He was born in Dublin, and educated at Trinity College. Having decided to follow a literary career, in 1820 he went to London, where he published his first poem, Errors of Ecstasie (1822). He also wrote for the London Magazine, under the pseudonym of John Lacy. In it appeared his best story, Lilian of the Vale. Various other books followed, including Sylvia, or The May Queen, a poem (1827). Thereafter he joined the Athenaeum, in which he showed himself a severe critic. He was also a dramatist and studied old English plays, editing those of Beaumont and Fletcher in 1840. So deeply was he imbued with the spirit of the 17th century that his poem, "It is not beauty I desire," was included by F. T. Palgrave in the first edition of his Golden Treasury as an anonymous lyric of that age.
He wrote a number of songs such as “I've been Roaming” once very popular, much belauded by Coleridge. Playwright Dion Boucicault was a nephew. His grandnephew was the famous Irish musician Arthur Warren Darley.

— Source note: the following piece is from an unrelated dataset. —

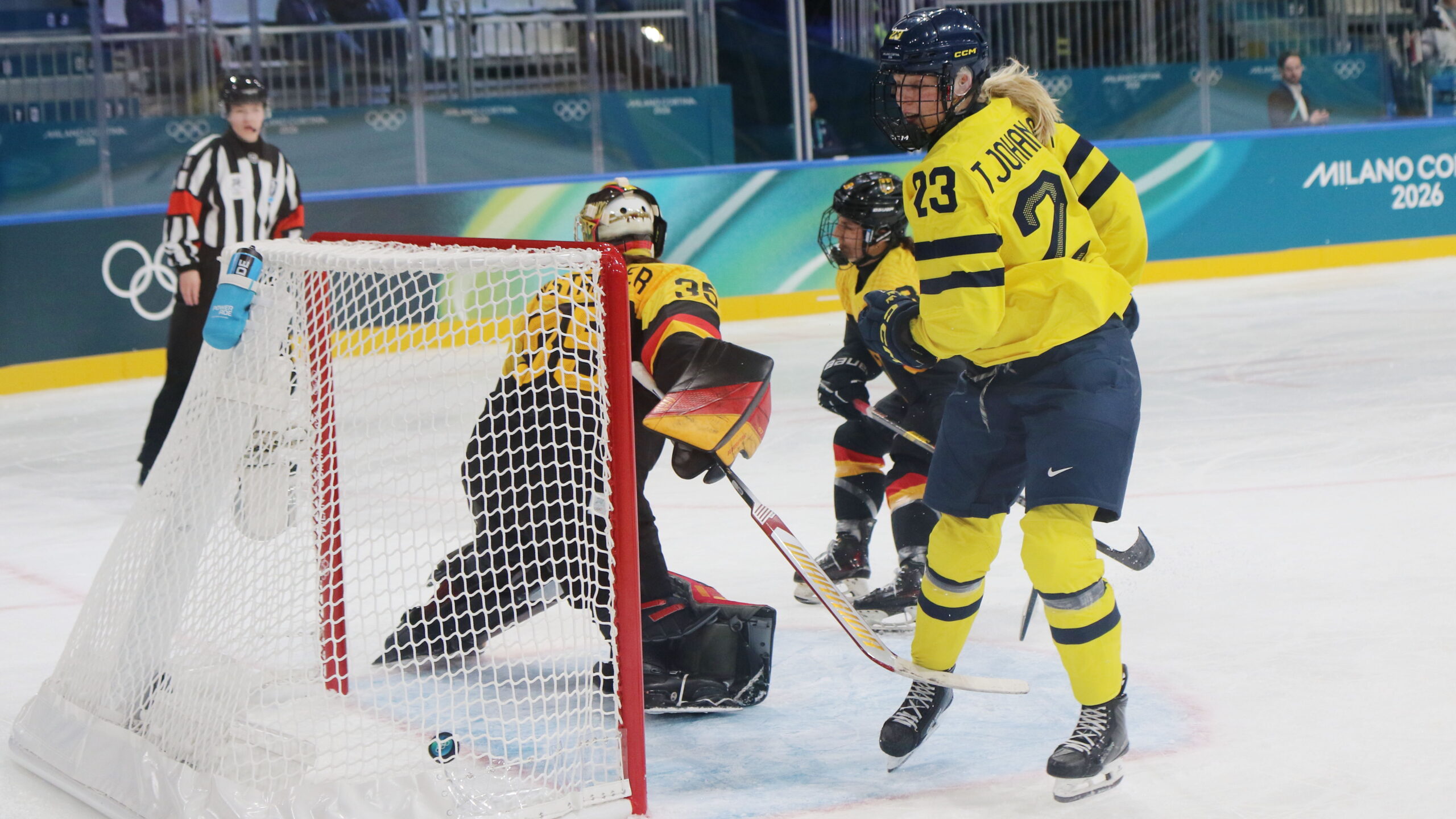 a6T4A9280 5. Februar 2026 2560 × 1440 a6T4A9280 Sandra Abstreiter #35, Thea Johansson #23, Olympic Games 2026 Womens Hockey SWE – GER, Milano Rho, © Puckfans.at / Andreas Robanser
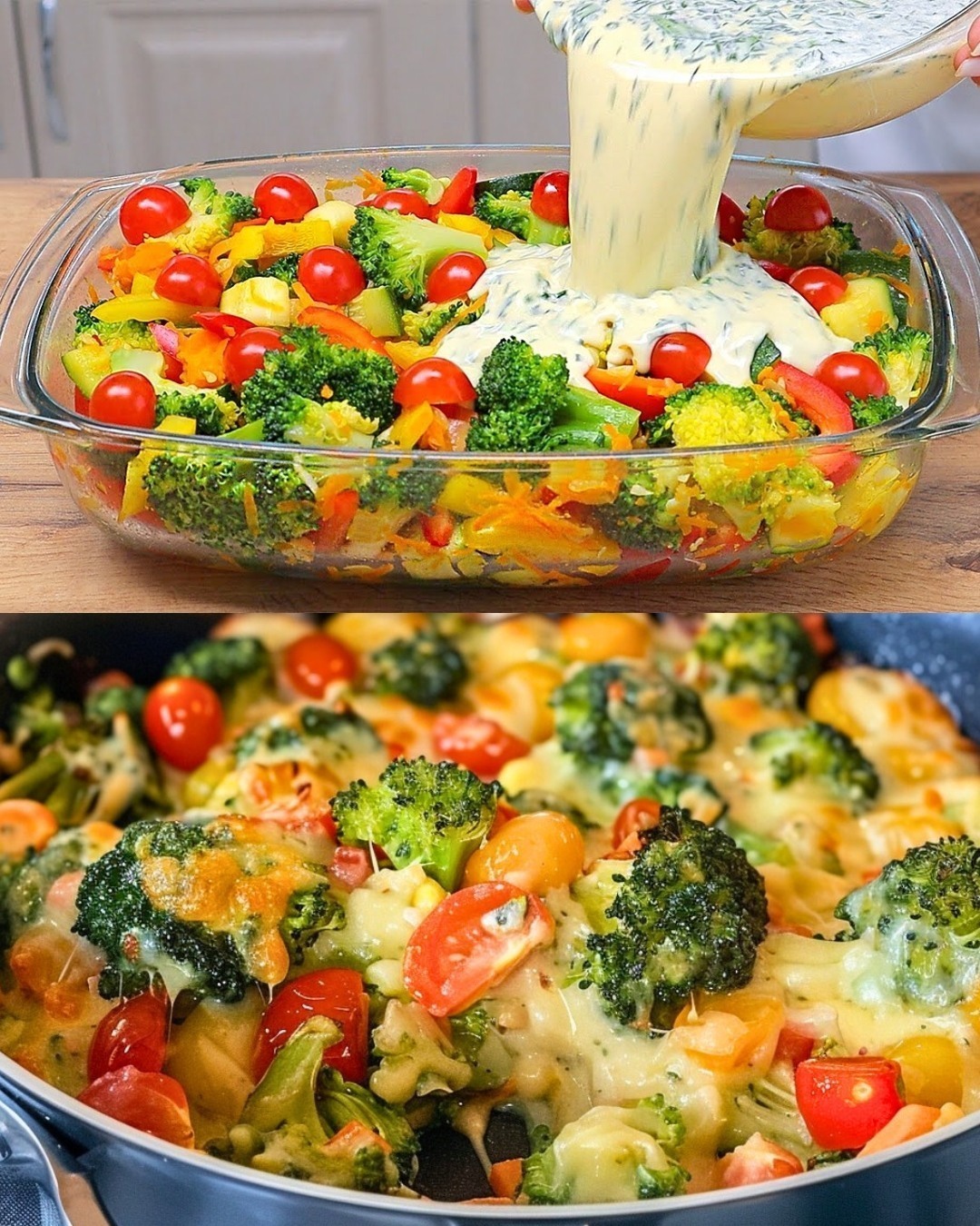 No supper would be complete without this healthy and flavorful Creamy Baked Broccoli, Tomatoes, and Kale. This dish is both healthy and filling thanks to the blend of crisp broccoli, delicate baby kale, and juicy tomatoes in a velvety sauce. Everyone in the family is likely to love this meal once they see the melted mozzarella cheese on top. Whether you serve it as a main dish or a side, it’s a great way to eat your veggies. The time required for preparation is twenty minutes. Ten minutes in the oven Time Required: 45 minutes What you need: florets from one big broccoli Extra virgin olive oil A little bunch of young kale chopped onion, one small one 7 minced garlic cloves, tiny 12 cherry or grape tomatoes, cut in half, or 12 tiny tomatoes The butter knob As needed season with salt quarter teaspoon of thyme A 150 milliliter bottle of lotion flour, measuring one tablespoon Cheese made with crushed mozzarella

He was also a mathematician of considerable talent, and published some treatises on the subject. Darley fell into nervous depression and died on 23 November 1846 in London.
- Errors of Ecstasie
- Sylvia, or The May Queen
- Thomas a Beckett; ADramatic Chronical
- Popular Algebra
- Familiar Astronomy, Darley, G., Taylor & W. London, 1830.
- I've been Roaming
This article incorporates text from a publication now in the public domain: Cousin, John William (1910). "Darley, George". A Short Biographical Dictionary of English Literature. London: J. M. Dent & Sons. Wikisource
- The Nuttall Encyclopædia, edited by the Reverend James Wood (1907)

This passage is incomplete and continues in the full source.